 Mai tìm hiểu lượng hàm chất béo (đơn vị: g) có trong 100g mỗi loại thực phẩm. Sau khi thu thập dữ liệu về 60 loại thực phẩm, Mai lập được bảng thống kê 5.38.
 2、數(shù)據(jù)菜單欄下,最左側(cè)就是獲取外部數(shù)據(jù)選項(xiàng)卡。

--

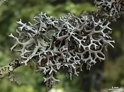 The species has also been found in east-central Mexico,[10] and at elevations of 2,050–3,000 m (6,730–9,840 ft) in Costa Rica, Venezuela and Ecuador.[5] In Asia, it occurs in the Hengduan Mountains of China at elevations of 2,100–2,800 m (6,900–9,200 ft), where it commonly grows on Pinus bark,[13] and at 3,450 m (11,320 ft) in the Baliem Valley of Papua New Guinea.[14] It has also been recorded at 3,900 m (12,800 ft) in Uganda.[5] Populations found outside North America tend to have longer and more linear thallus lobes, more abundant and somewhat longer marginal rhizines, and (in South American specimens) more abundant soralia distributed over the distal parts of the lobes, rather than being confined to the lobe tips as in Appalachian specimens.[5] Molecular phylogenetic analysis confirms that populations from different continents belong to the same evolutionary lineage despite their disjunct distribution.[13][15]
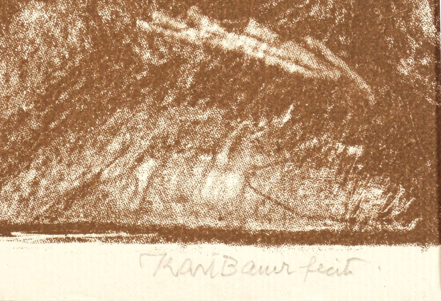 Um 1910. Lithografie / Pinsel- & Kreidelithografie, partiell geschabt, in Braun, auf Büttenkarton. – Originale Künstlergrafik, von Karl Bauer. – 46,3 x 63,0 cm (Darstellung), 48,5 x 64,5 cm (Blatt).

* PROBLEM:
Go down the entries above from the line containing "The species has" to the line containing "Um 1910. Lithografie" and write out each line exactly, leaving pictures out.

* RESPONSE TO THE EXERCISE:
 The species has also been found in east-central Mexico,[10] and at elevations of 2,050–3,000 m (6,730–9,840 ft) in Costa Rica, Venezuela and Ecuador.[5] In Asia, it occurs in the Hengduan Mountains of China at elevations of 2,100–2,800 m (6,900–9,200 ft), where it commonly grows on Pinus bark,[13] and at 3,450 m (11,320 ft) in the Baliem Valley of Papua New Guinea.[14] It has also been recorded at 3,900 m (12,800 ft) in Uganda.[5] Populations found outside North America tend to have longer and more linear thallus lobes, more abundant and somewhat longer marginal rhizines, and (in South American specimens) more abundant soralia distributed over the distal parts of the lobes, rather than being confined to the lobe tips as in Appalachian specimens.[5] Molecular phylogenetic analysis confirms that populations from different continents belong to the same evolutionary lineage despite their disjunct distribution.[13][15]
 Um 1910. Lithografie / Pinsel- & Kreidelithografie, partiell geschabt, in Braun, auf Büttenkarton. – Originale Künstlergrafik, von Karl Bauer. – 46,3 x 63,0 cm (Darstellung), 48,5 x 64,5 cm (Blatt).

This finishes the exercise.